Heavy excitement quickly followed the Federal Judge striking down Michigan’s gay marriage ban, but not long after that, joy was polluted with confusion. The decision ruled that the prohibition of same-sex marriage was a violation of the U.S. Constitution, and the state was told that it would no longer be allowed to enforce the ban.
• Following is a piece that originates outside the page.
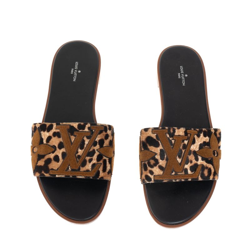 Sandália Louis Vuitton Rasteira Logo e Animal Print

Today’s decision … affirms the enduring principles that regardless of whoever finds favor in the eyes of the most recent majority, the guarantee of equal protection must prevail,” said U.S. District Judge Bernard Friedman, according to CNN. Texas, Virginia, Kentucky, Oklahoma, and Utah have seen rulings of a similar nature. Same-sex couples across Michigan reacted as you might imagine — with celebrations, and in many cases, with marriage. The chapel rush didn’t last long though, as the ruling issued by Friedman was frozen, the appeals court issuing a temporary stay. The U.S. 6th Circuit Court of Appeals reinstated the marriage ban up through Wednesday so as “to allow a more reasoned consideration of the motion.”

For those who managed to tie the knot prior to this change, it leaves their marital status in a confused limbo. “We really don’t know,” said Jennifer Chapin-Smith, to USA Today, explaining that she and her new wife Alexi Chapin-Smith were excited to announce their marriage, but are now uncertain what it means. “Everybody at first said, ‘Congratulations.’ Then they said, ‘What’s going on?’ I said, ‘I really don’t know,’” she explained. She isn’t alone, as over 100 couples join her in the predicament.

So far, the state is not saying one way or the other as to its recognition of the matrimonial ties. Attorney General Bill Schuette had asked for the stay, and so far its looks as though the issue will remain unclear until at least Wednesday when it will be decided whether or not the stay is permanent while the appeal is dealt with.

According to USA Today, legal experts have said that the legal purgatory this places couples in is unfair and “creates even more uncertainty for those families who were married as to whether or not they have any rights or not,” according to Salt Lake City attorney Laura Milliken Gray. Gray worked as legal representation to same-sex couples in Utah who saw similar indecision as to their status — over 1,000 in the state dealt with a comparable situation. At that time, the U.S. Supreme Court had stepped in to issue a stay after 17 days and prevented further same-sex marriages.

One couple, partners for 25 years, spoke with USA Today, explaining that they had an even more difficult situation. They had celebrated their wedding with 70 people on Saturday in Ypsilanti, but Beth Bashert explained they had not gotten the marriage form back into the clerk’s office yet. “We’re going to submit it on Monday. But I just don’t know what our status is. Literally, I don’t know. It was so powerful and so amazing to be married. I’m trying not to worry about it. I can’t control it. I just want to continue to feel good,” she said.